1950s - Spinner Flasks to Bioreactors

John A. Ryan, Ph.D.


	Figure 1. McLimans' group developed the first "spinner flasks" in 1957.

Biotech companies, such as Genentech and Lonza, now routinely grow CHO and other cell lines as suspension cultures in massive bioreactors as large as 20,000 liters to produce monoclonal antibodies and genetically engineered protein-based drugs worth billions of dollars each year. The technology for producing these products evolved rapidly in the 1950s, the work of those researchers who contributed to this evolution are discussed below (1).

1953

The first successful suspension cultures, lymphoblastic MBIII cells, were grown by Owens, Gey and Gey in 1953 (2). They used rapidly rotating (38 RPM) culture tubes that were attached perpendicular to the axis of rotation of a roller drum so that they tumbled end over end. This “tumble tube” approached allowed the cells to grow in suspension at rates similar to attached cells.

1954

Earle and his group (3) extended these studies to L929 mouse cells growing them in roller tubes (10+ RPM) to prove that normally attached cells could grow in suspension. They then switched to growing them in small Erlenmeyer flasks on rotary shakers (4).

The growth of cells in Erlenmeyer flasks on shaker platforms is still very popular especially for insect cells and other cultures that require higher levels of gas exchange. Both reusable glass and disposable plastic Erlenmeyer flasks, with or without baffles for increased gas exchange, and with a variety of cap and top styles are available.

1956


	Figure 2. By 1960 commercially available magnetically driven spinner flasks with stir bars were available.

Cherry and Hull (5) used a magnetic stir bar suspended from a fishing swivel to keep cells in suspension in a round bottom flask so that they could study the effects of varying the medium, speed and seeding densities on cell growth.

1957

McLimans and his group (6) took the magnetic stir bar and attached it to a sliding wire so that it could be raised a lowered to match the medium volume. They added a side port for sampling and called it a “spinner flask” (Figure 1). This was used to grow suspension cultures for HeLa and L cells in volumes up to 400mL.

Next they adapted this approach to work in commercially available 5L microbial fermentors with baffles and spargers driven by an overhead impeller (7). This showed that suspension cell culture could be successfully scaled up to grow at levels that were commercially useful.

1967

None of the above techniques allowed for the growth of primary or anchorage-dependent cell cultures in suspension since these cells must attach to a substrate to multiply.

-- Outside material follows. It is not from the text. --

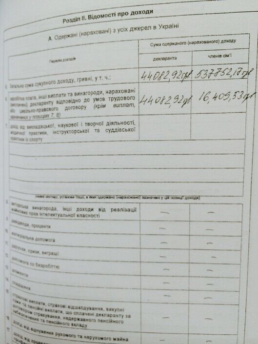 Члены его семьи получили за год 537 752 гривен, из которых 16 409 гривен – заработная плата.

This bottleneck was solved by van Wezel (8) who used small (200-250µm diameter) solid particles, called microcarriers, as a substrate for cell attachment (Figure 3). These particles were originally made from Sephadex beads but have also been made from a variety of other materials including polystyrene, glass and cross-linked collagen.


	Figure 3. By using microcarrier beads, anchorage dependent cells could be grown in suspension.

The use of these beads in culture required the use of more gentle stirring techniques and by the 1980s spinner vessels were available with a variety of stirring designs including magnetically driven paddles and ball and pendulums. These new designs allowed stirring at much slower speeds reducing the damage from bead-bead collsions and sheer effects. Today several biotherapeutic protein drugs and vaccines are produced on cells grown in suspension on microcarriers.

Today

To meet the today’s demand for cell-based drugs, biotechnology and pharmaceutical companies prefer to use large scale stirred tank bioreactors with capacities from 1 liter to as high as 20,000 liters. In addition, other technologies such as air lift fermentors and large bags placed on rocking platforms are also used.